2002/04/25 – 2010/2/2

That’s kind of a lot of TWOs–two thousand ten two two.  Maybe we are saying twenty ten now.

February Second, twenty ten. That is almost eight years after I started this blog. I just realized that means I’ve only been working on my book, The Russian American School of Tomorrow for seven years. I was beginning to feel like it was more than a hundred already.

But let me begin again:

Friends! Readers! Spammenters! Lend me your eyes!

Welcome to February. What will this month portend? I’m looking forward to it. Last weekend, before february started, Chris cleaned the garage by putting up shelving around the edges. He threw out a lot of things, and things are accessible now.

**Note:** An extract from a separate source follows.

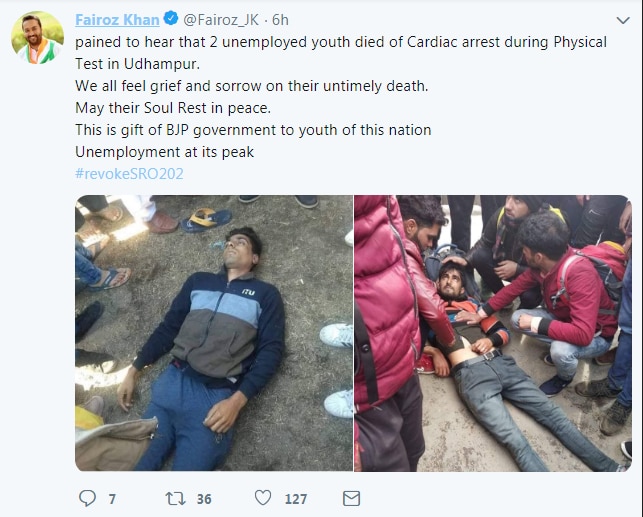 कांग्रेस नेता फिरोज खान का एक ट्वीट इन दिनों वायरल हो रहा है, जिसमें दावा किया गया है कि जम्मू-कश्मीर के उधमपुर में हुए फिजिकल टेस्ट (शारीरिक दमखम का परीक्षण) में दो युवकों की दिल का दौरा पड़ने से मौत हो गई. खान नेशनल स्टूडेंट्स यूनियन ऑफ इंडिया (एनएसयूआई) के राष्ट्रीय अध्यक्ष भी रह चुके हैं.

In every relationship, it is always the other person’s things that take up all the space. He immediately pointed out to me all the stuff I had that should be discarded. Fine. There were several boxes of clothes.

CLOTHES! an archeological TELL of clothing.  A dress I sewed for myself as a teenager. I LOVED that blue dress. Needs a little hemming, but I can wear it again.

My high school graduation dress! that confection I designed at age 17 to fulfill all the stifled formals I had missed by not attending a regular school.

It still fits, but only because … I was a slender yet voluptious teenager. I was drop-dead gorgeous, yet convinced I was very ugly. Seventeen magazine told me that models (the standard of beauty for everyone, don’t you know?) were 5’9 and weighed 115 pounds. I didn’t eat for a week and got down to 150, a weight I shall never see again. Ah…Isn’t it a shame that youth is wasted on the young? Anyway, when my mother was sewing the bodice of this dress, she refused to fit it. She said it was immodest, and my shape was hidden under a baggy bodice.

I’ve gained 20+ pounds in the intervening 20 years, and some inches on my waist. But the bodice still zips up.

I will have to post a picture for you all.

new trends in spam

So, I haven’t written in a while. Sorry folks. I had some thoughts  to share about my daughter’s just-past first birthday, so I came here ready to post.

First, I stopped in the comments folder. Mostly it is spam, but I live for the responses from real reader. In the spam file, the first comment I found was this one, from a Carol Miller:

Please don’t take this the wrong way. I think your overall ideas are fine but you might want to put a little more thought into your next posts. I say this becuase it seems like your writing style has gone downhill a bit as opposed to your previous posts. – C.

Really, Carol? I wonder what she means. This comment is in response to this post. You don’t need to follow the link. It’s a video of Veronica scooting.

On further examination, Carol’s comment included a website link.

So, the spammer are now using insults to capture our attention. Perhaps we are low-self-esteem, needy webbloggers and will respond more readily to criticism.

Here’s another spam-sult:

Really? Don’t misunderstand what I’m saying, I’m in agreement with you partially, but when you say something like this you actually have to be prepared to back it up.

Not all spammers are following this new trend. Here is an old-style compliment-spam from Walter T., purveyer of gardening tools:

Easily, the post is really the freshest on this laudable topic. I harmonize with your conclusions and will thirstily look forward to your incoming updates. Just saying thanks will not just be adequate, for the fantasti c lucidity in your writing. I will directly grab your rss feed to stay abreast of any updates. De lightful work and much success in your business efforts!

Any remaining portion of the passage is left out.